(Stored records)
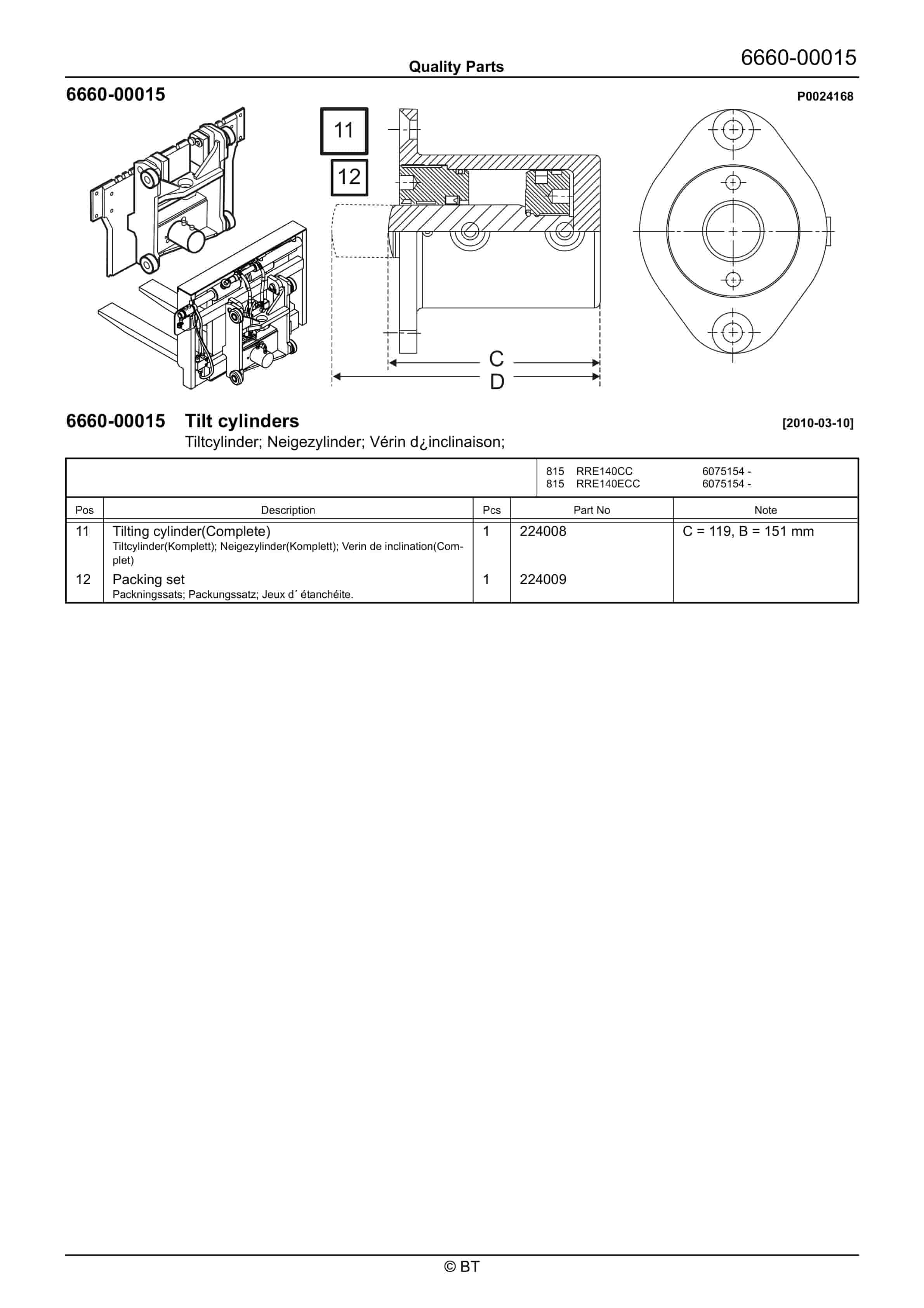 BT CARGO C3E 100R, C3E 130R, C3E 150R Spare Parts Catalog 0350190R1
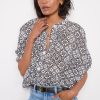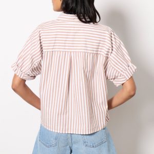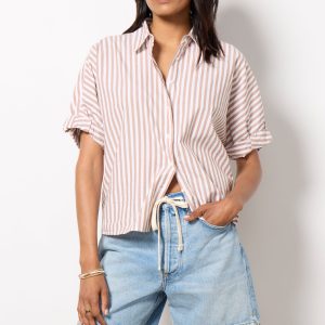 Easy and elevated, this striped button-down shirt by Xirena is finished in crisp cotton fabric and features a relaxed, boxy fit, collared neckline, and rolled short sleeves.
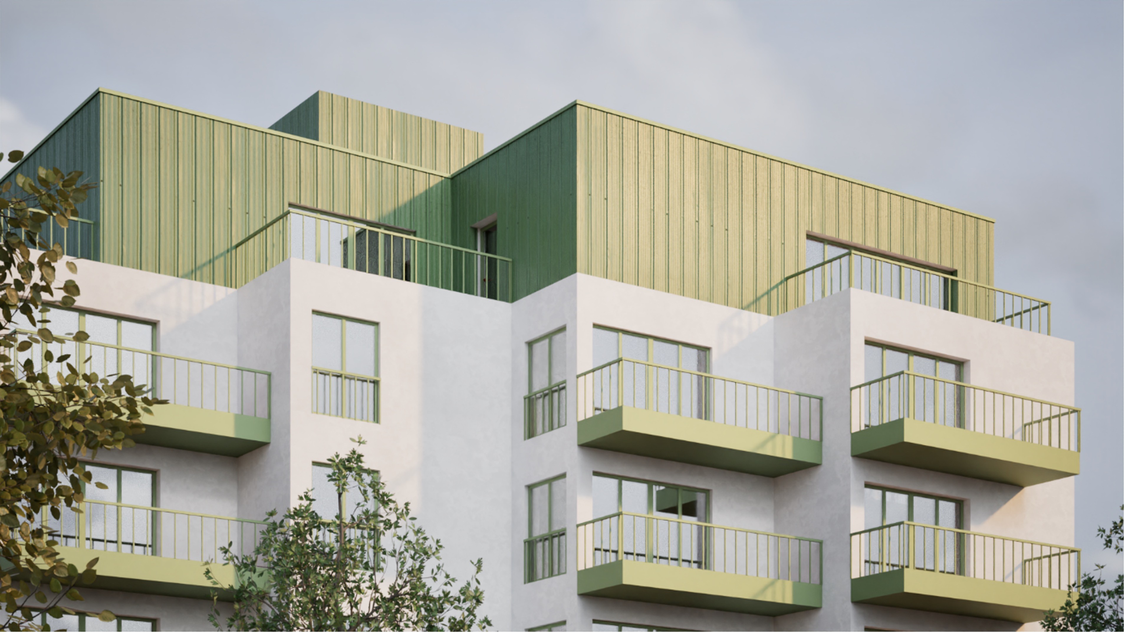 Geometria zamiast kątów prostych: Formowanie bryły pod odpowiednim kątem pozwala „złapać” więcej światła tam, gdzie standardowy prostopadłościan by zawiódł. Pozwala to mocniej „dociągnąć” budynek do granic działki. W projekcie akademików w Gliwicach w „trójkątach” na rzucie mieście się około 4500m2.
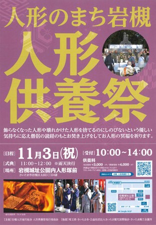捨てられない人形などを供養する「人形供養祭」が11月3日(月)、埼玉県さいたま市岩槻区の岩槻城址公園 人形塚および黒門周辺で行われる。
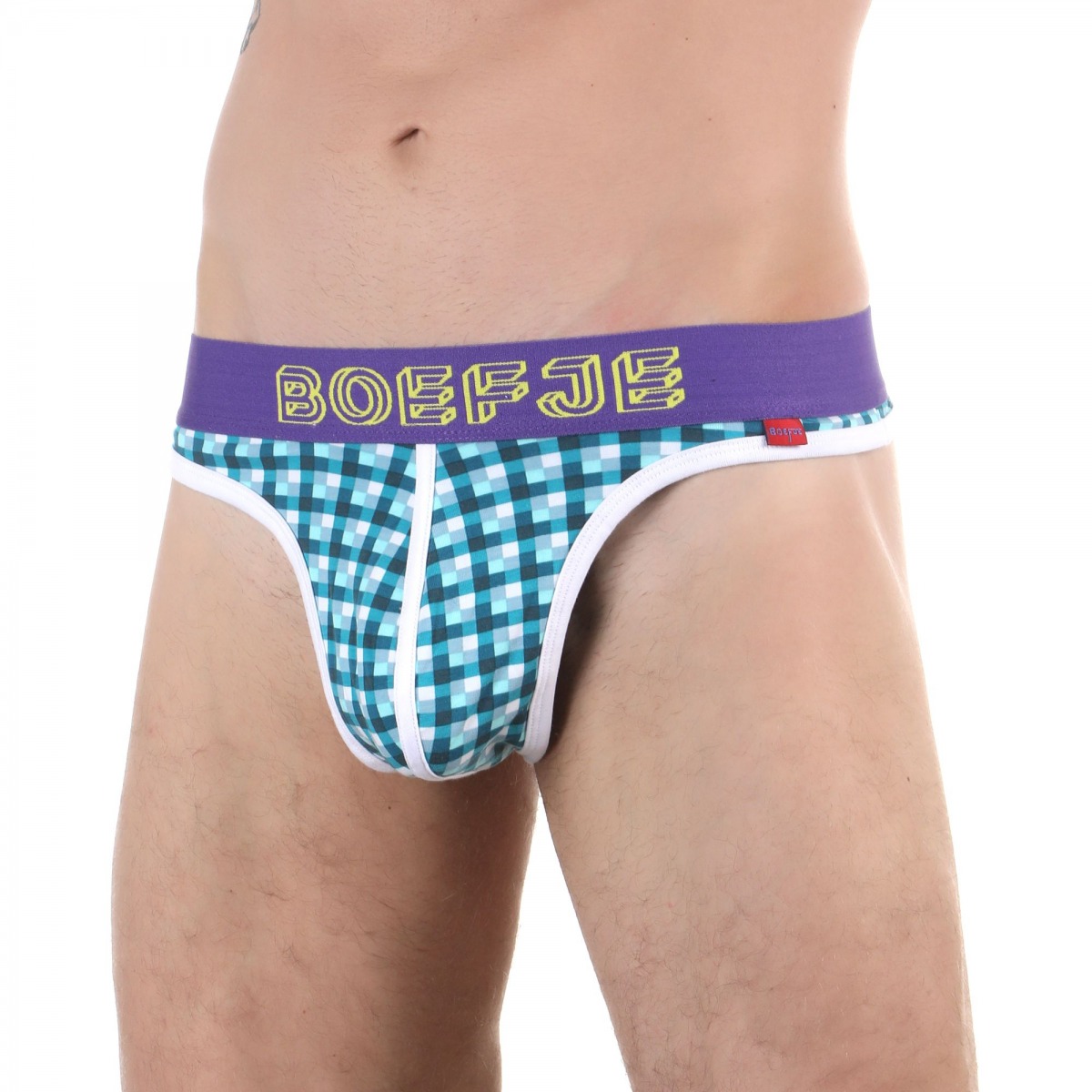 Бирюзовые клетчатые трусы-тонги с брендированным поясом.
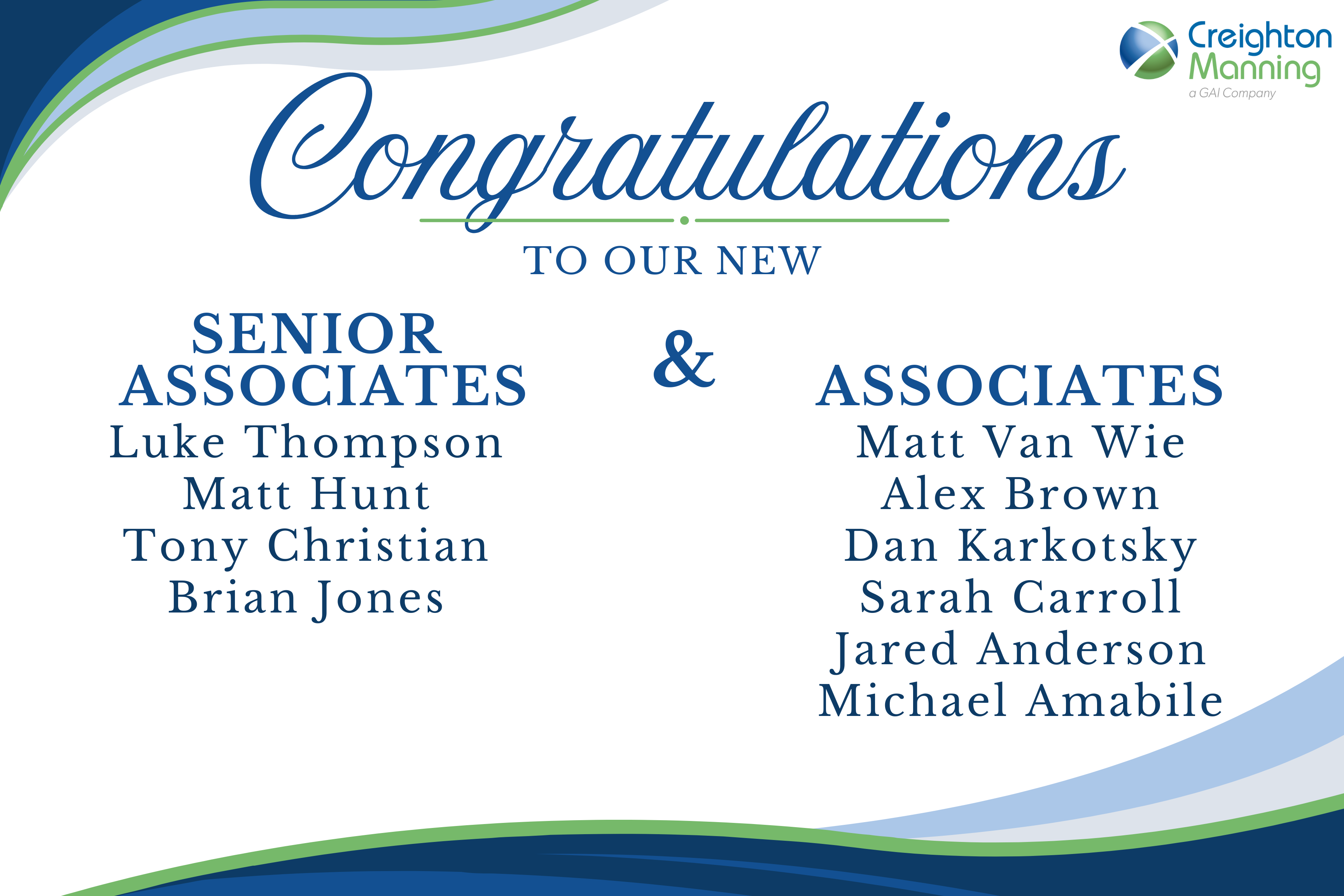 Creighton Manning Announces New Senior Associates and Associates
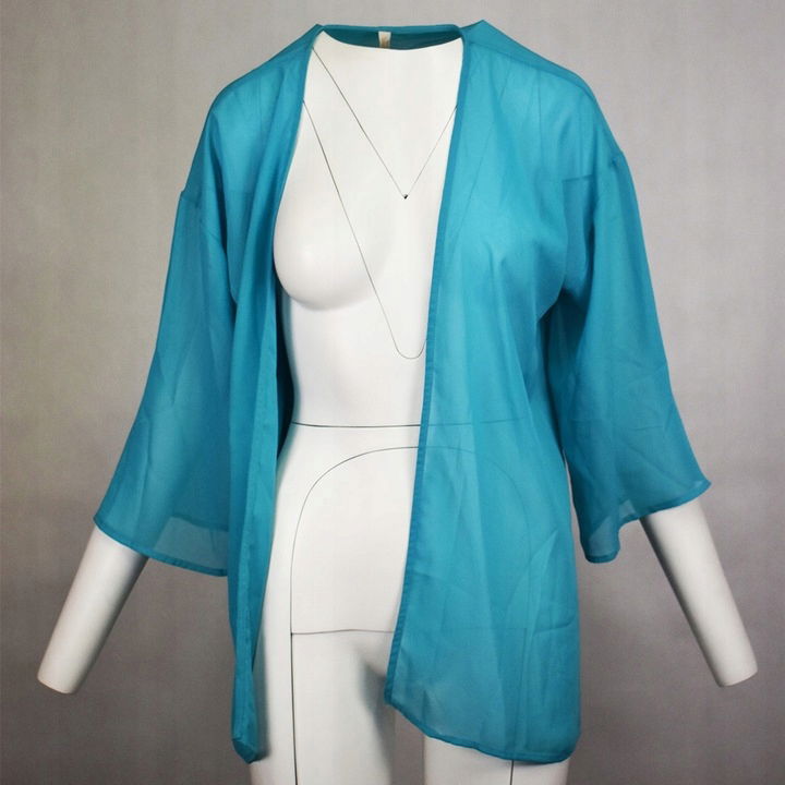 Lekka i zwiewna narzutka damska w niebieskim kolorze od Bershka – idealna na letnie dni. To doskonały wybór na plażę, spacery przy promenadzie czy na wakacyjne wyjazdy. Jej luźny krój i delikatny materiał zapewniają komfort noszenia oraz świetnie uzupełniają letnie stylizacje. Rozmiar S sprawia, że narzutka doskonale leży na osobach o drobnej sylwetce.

_Aim of the exercise_:
Pictures should be skipped, and the records retyped word for word.

_Answer to the problem_:
 BT CARGO C3E 100R, C3E 130R, C3E 150R Spare Parts Catalog 0350190R1
 Easy and elevated, this striped button-down shirt by Xirena is finished in crisp cotton fabric and features a relaxed, boxy fit, collared neckline, and rolled short sleeves.
 Geometria zamiast kątów prostych: Formowanie bryły pod odpowiednim kątem pozwala „złapać” więcej światła tam, gdzie standardowy prostopadłościan by zawiódł. Pozwala to mocniej „dociągnąć” budynek do granic działki. W projekcie akademików w Gliwicach w „trójkątach” na rzucie mieście się około 4500m2.
捨てられない人形などを供養する「人形供養祭」が11月3日(月)、埼玉県さいたま市岩槻区の岩槻城址公園 人形塚および黒門周辺で行われる。
 Бирюзовые клетчатые трусы-тонги с брендированным поясом.
 Creighton Manning Announces New Senior Associates and Associates
 Lekka i zwiewna narzutka damska w niebieskim kolorze od Bershka – idealna na letnie dni. To doskonały wybór na plażę, spacery przy promenadzie czy na wakacyjne wyjazdy. Jej luźny krój i delikatny materiał zapewniają komfort noszenia oraz świetnie uzupełniają letnie stylizacje. Rozmiar S sprawia, że narzutka doskonale leży na osobach o drobnej sylwetce.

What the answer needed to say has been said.